Data Model Capabilities of Excel 2013
In this chapter, I’ll talk about one of the most power capabilities introduced in Excel: the data model.
Let me ask you this: what is the biggest pain faced by dashboard developers? No, it’s not running out of caffeine because the office espresso machine broke. Indeed, among other things, this book assumes you have ample access to caffeine. What, then, is the biggest pain? The answer doesn’t have to do with the nature of your data (although unclean and unkempt data is a pain in its own right). Even with caffeine and good data, another problem arises. That data is all over the place: in different tables, worksheets, or workbooks.
Disconnected data is an age-old problem. Ever since cavemen figured how to draw glyphs on inner walls, people have been asking questions like, “Is this the same symbol drawn on that cave 75 clicks south?” Those were the days before VLOOKUP, so our ancestors ran through forests in the heat to connect those symbols. Those were among the first data connections we humans created.
And yet we might be no better today either. We’ve replaced cave walls with databases, tables, workbooks, comma-separated value (CSV) files, and web sites. Instead of running through forests in the hot sun, we’ve employed a knotted web of VLOOKUPs and other crazy functions to ensure the data is connected. But when our boss asks, “Can you make a report combining sales data in SAP with customer data in our CRM and production data in ERP?” we might as well be running across that prehistoric forest for all the sweat, anxiety, and work required to fulfill this request using lookup functions and formulas.
If you’ve made it this far in the book, then you should know there is another class of problems dashboard developers must deal with. While the previous parts of the book dealt with creating interactive applications, there are applications that must synthesize datasets across a much broader expanse than has been presented in this book thus far. Even before you can create these dashboards, you must bring together various data sources—and those sources could come from many different systems. For these types of problems, VLOOKUP won’t cut it. More to the point, employing many, many lookups could require your spreadsheet to become slow and unruly. Remember, part of good development is avoiding to the extent possible the option to turn off automatic calculation.

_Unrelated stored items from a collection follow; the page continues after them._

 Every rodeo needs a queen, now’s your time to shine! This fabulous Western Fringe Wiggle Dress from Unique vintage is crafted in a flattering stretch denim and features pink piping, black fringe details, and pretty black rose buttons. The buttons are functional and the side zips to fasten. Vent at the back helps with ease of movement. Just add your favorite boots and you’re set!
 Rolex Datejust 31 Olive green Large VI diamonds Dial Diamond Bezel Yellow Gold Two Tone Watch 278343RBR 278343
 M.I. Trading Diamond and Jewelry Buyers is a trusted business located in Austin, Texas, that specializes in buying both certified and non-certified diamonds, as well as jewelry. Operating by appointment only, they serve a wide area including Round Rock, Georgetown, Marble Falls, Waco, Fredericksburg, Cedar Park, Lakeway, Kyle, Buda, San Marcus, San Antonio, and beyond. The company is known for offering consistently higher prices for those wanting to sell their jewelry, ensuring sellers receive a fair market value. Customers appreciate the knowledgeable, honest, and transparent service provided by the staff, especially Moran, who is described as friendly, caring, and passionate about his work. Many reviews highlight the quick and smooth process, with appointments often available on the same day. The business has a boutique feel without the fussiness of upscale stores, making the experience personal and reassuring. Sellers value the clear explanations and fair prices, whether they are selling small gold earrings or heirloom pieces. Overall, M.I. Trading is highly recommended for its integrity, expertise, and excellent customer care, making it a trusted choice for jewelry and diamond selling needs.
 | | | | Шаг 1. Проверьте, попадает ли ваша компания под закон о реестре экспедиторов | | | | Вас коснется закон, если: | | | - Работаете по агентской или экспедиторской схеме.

Luckily, Microsoft has saved you from slow spreadsheets—and has given you back your Friday afternoons and weekends previously spent connecting disparate data sources by way of VLOOKUP.
Relationship Advice
Don’t worry. I am not turning this book in to relationship advice column. In this section, I’ll talk about data relationships and how they are important to the data model.

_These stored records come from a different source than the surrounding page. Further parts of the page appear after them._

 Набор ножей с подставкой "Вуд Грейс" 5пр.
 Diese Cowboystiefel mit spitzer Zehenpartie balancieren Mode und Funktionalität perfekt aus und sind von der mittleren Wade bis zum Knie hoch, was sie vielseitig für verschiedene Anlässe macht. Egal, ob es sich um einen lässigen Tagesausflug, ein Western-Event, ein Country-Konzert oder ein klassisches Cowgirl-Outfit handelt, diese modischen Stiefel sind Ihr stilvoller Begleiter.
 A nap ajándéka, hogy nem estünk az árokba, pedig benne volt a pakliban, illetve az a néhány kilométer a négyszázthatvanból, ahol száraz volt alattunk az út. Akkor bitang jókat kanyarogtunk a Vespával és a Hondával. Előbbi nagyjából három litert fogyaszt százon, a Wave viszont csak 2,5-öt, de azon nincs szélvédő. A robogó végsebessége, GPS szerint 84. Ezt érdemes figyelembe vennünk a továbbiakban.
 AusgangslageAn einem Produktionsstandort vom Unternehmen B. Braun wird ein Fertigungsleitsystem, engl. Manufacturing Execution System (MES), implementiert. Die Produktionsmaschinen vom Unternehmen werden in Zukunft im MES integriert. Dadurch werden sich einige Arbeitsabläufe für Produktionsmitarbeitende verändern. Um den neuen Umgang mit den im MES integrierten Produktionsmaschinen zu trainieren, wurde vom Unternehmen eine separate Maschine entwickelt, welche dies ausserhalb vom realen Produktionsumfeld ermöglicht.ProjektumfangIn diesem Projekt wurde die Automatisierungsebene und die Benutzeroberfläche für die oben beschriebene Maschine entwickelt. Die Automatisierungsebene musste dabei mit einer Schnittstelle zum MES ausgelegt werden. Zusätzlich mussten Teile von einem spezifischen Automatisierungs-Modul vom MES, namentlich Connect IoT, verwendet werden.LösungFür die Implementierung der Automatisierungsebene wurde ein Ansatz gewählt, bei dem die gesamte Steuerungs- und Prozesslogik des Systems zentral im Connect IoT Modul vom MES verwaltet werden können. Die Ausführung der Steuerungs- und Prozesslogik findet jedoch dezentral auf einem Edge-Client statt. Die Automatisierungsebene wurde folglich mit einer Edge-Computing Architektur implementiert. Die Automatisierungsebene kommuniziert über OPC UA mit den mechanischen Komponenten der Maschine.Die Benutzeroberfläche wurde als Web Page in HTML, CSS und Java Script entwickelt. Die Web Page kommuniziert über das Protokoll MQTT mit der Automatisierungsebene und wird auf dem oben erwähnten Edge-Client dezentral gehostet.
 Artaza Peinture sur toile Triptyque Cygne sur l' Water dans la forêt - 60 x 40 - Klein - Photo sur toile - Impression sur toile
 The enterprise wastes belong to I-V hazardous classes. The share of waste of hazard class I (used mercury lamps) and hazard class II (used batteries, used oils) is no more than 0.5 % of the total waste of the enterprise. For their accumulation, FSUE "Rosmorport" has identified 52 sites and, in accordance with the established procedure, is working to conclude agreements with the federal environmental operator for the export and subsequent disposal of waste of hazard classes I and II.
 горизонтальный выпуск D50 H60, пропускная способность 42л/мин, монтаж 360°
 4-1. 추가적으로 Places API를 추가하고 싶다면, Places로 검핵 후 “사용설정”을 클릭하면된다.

Let’s say you have data for sales, customer, and production. With the old method, you would have to use lookup functions to create meaningful connections between these datasets. But what if you could somehow connect everything without any formulas? Then you don’t have to write a heap of VLOOKUP, INDEX, and MATCH formulas. You could figure out questions like, “How many customers in the age group 25 to 40 bought wheat thins that were made in our factory in Nevada in July 2014?” without any formulas whatsoever.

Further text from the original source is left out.